Второй внук, Василь, был полной противоположностью Грини — (удавшийся в Родиона, а тот был на полторы головы выше папани — пошел в материнскую родню), взявший от мамки своей, Глафиры, белые волосы и голубые глаза, он был настоящим васильком, смотрящим на него всегда приходили на ум васильки в ромашках.
Первый класс Василь закончил с похвальной грамотой. Очень хвалила его Ефимовна, а дед Никодим звал «Василь-прохвессор».
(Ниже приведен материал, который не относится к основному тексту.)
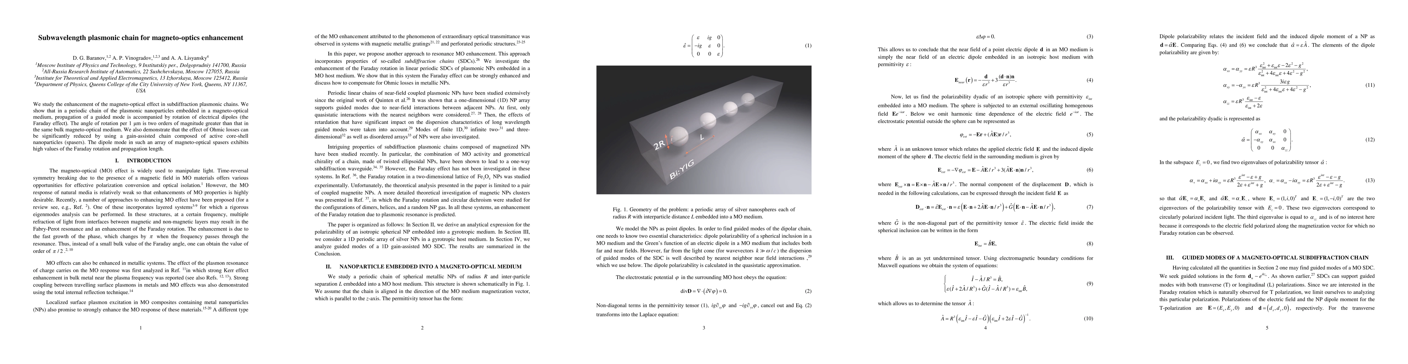 We study the enhancement of the magneto-optical effect in subdiffraction plasmonic chains. We show that in a periodic chain of the plasmonic nanoparticles embedded in a magneto-optical medium, propagation of a guided mode is accompanied by rotation of electrical dipoles (the Faraday effect). The angle of rotation per 1 {\mu}m is two orders of magnitude greater than that in the same bulk magneto-optical medium. We also demonstrate that the effect of Ohmic losses can be significantly reduced by using a gain-assisted chain composed of active core-shell nanoparticles (spasers). The dipole mode in such an array of magneto-optical spasers exhibits high values of the Faraday rotation and propagation length.
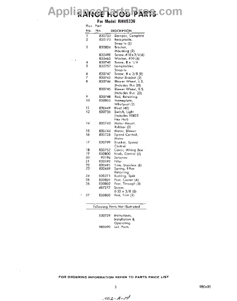 Parts for Whirlpool RHH5336: 03 - Section Parts
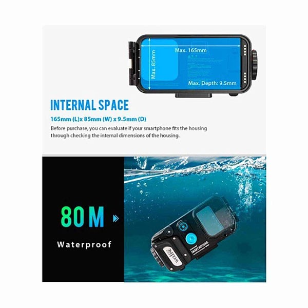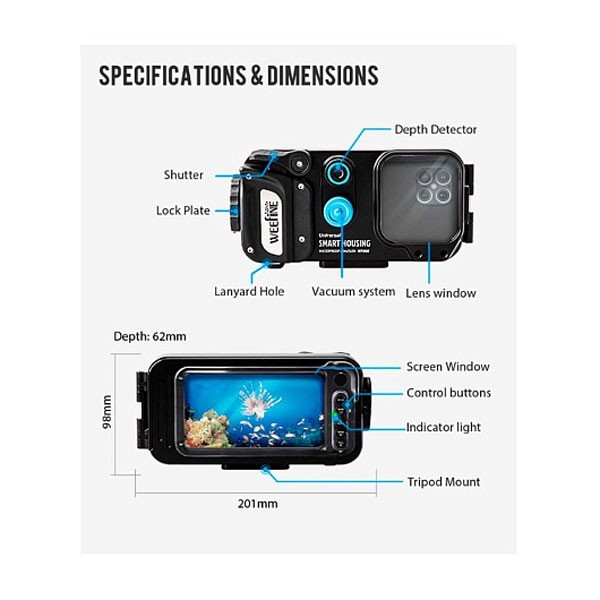 Другими словами, WEEFINE Smart Housing Pro представляет собой водонепроницаемый бокс для фото и видеосъёмки, который подходит для большинства смартфонов, если внутренний размер вашего телефона не превышает: 165 мм (длина) x 85 мм (ширина) x 9,5 мм (высота). Специальные адаптеры внутри позволят подогнать этот бокс именно под вашу модель Iphone. Прочный корпус изготовлен из алюминиевого сплава, пластика и оптического стекла. Бокс весит немного - 875 грамм и имеет нейтральную плавучесть (в зависимости от того, какая модель iPhone используется). Бокс оснащен большим рычагом затвора и кнопками управления для удобства работы даже в толстых перчатках. Вы можете регулировать масштабирование, экспозицию (EV), автоматический / ручной фокус, баланс белого, оттенок, выбор объектива, режим RAW + JPEG, Live Photo и размытие фона (на доступных моделях iPhone).
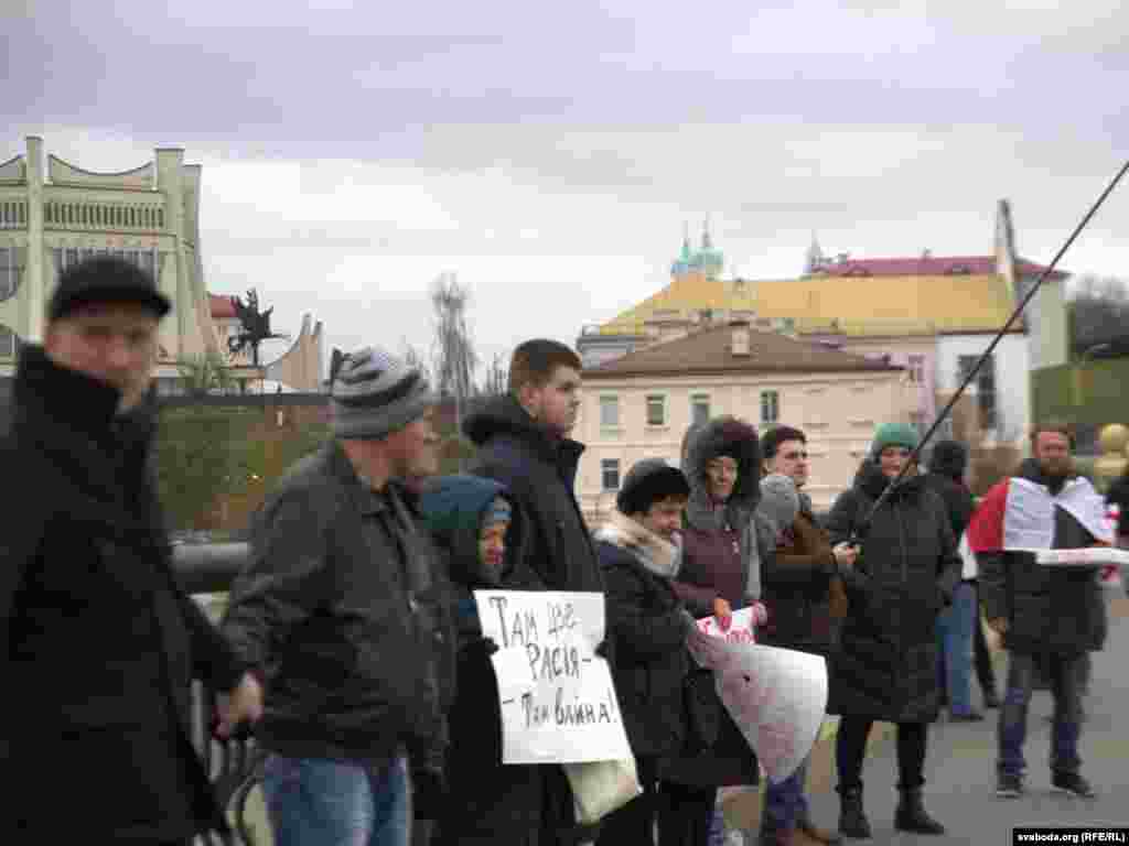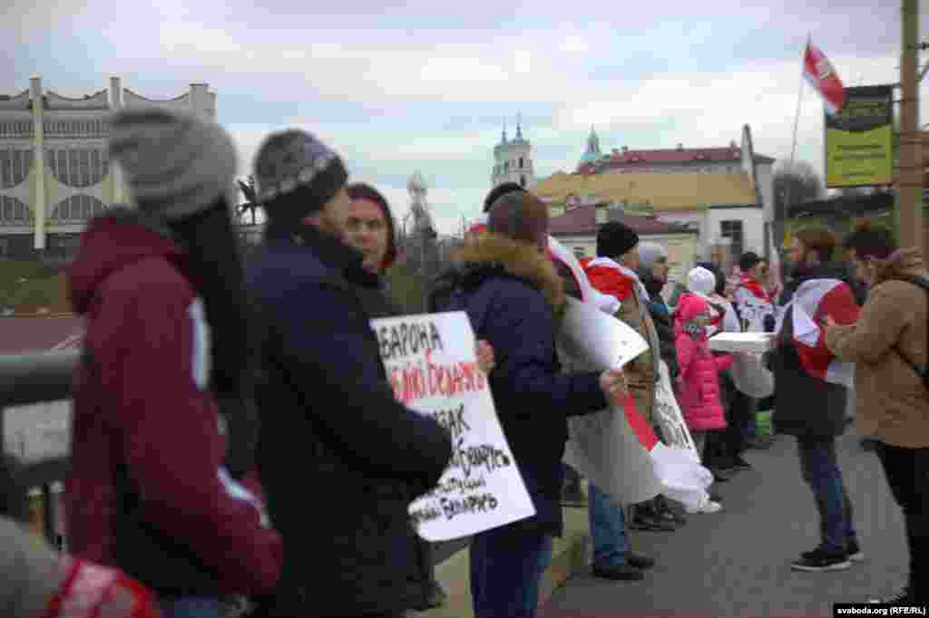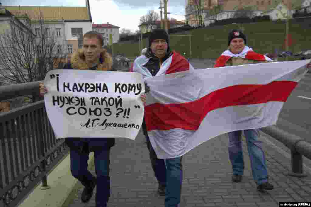 Акцыя за незалежнасьць Беларусі ў Горадні 15 сьнежня сабрала каля сотні чалавек. Падчас акцыі ўдзельнікі спусьцілі на Нёман плыт з пенаплясту для Лукашэнкі і Пуціна, дзе выказалі свой пратэст супраць інтэграцыі з Расеяй.
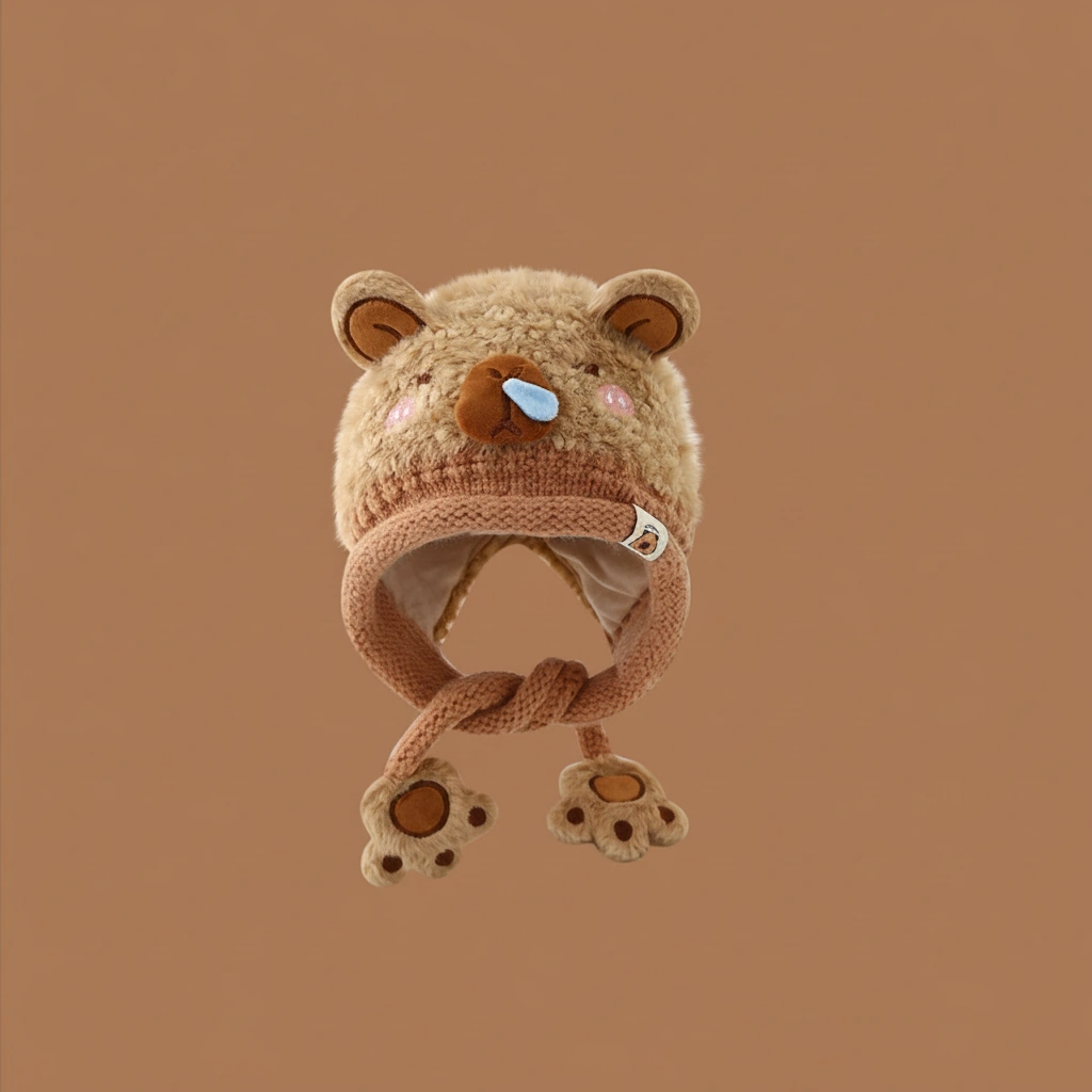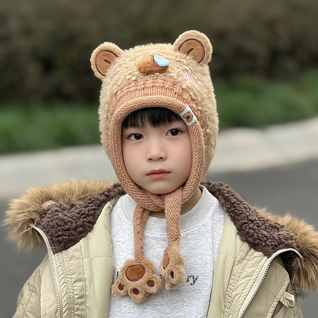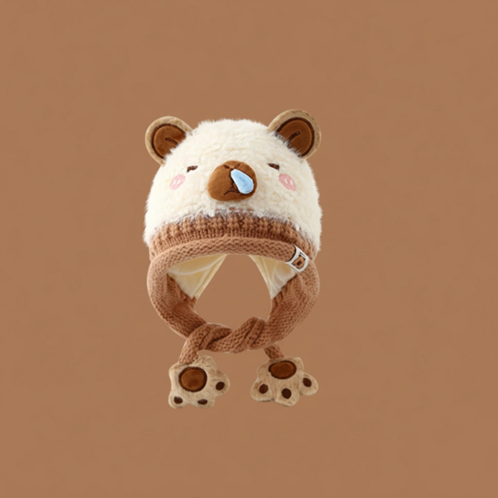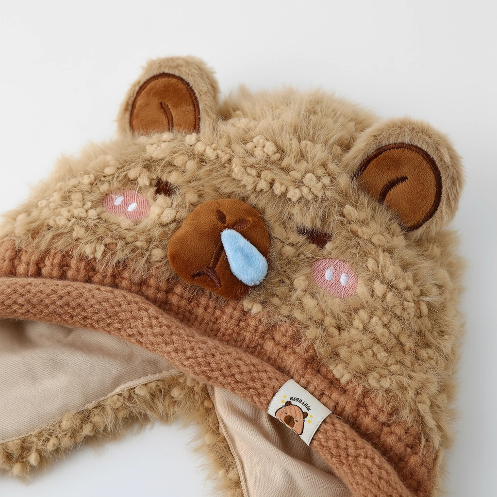 Distinguished by its textured “teddy bear” fur and a comical blue “snot bubble” on the nose, this bonnet is designed for kids who love to stand out. It’s not just warm; it’s a conversation starter that brings smiles wherever you go.

С каждым днём громыхание фронта слышалось все отчетливее и ближе, поспешно собрался и укатил в ночь, как тать, на колхозной подводе председатель, бывший до этого примерным и яростным коммунистом, по-тихому исчезали его ближайшие подпевалы.
— Хто знает, може, они в эти, партизаны подалися? — рассуждал дед Ефим.
— Держи карман шире, эти партизаны уже поди за Уралом, в этой как её, Бурят-Монголии.
В августе принесли сразу три конверта Марье Ефимовне — оба старшеньких, Иван и Петр, офицеры, служившие где-то в Западном округе, пали смертью храбрых, а младший, Пашка, ушедший добровольцем, пропал без вести… Ефимовна молча упала в обморок, неделю пролежала в горячке, бабы, постоянно сменяя друг друга, сидели возле неё, сморкаясь и плача, у каждой кто-то был на фронте и леденела душа, глядя на их всегда такую сдержанную и разумную Ефимовну. Очнулась она через неделю, возле неё сидела Стешка, осмотрев диким взглядом вокруг, Ефимовна слабо застонала: — За что, Господи? Всех сразу?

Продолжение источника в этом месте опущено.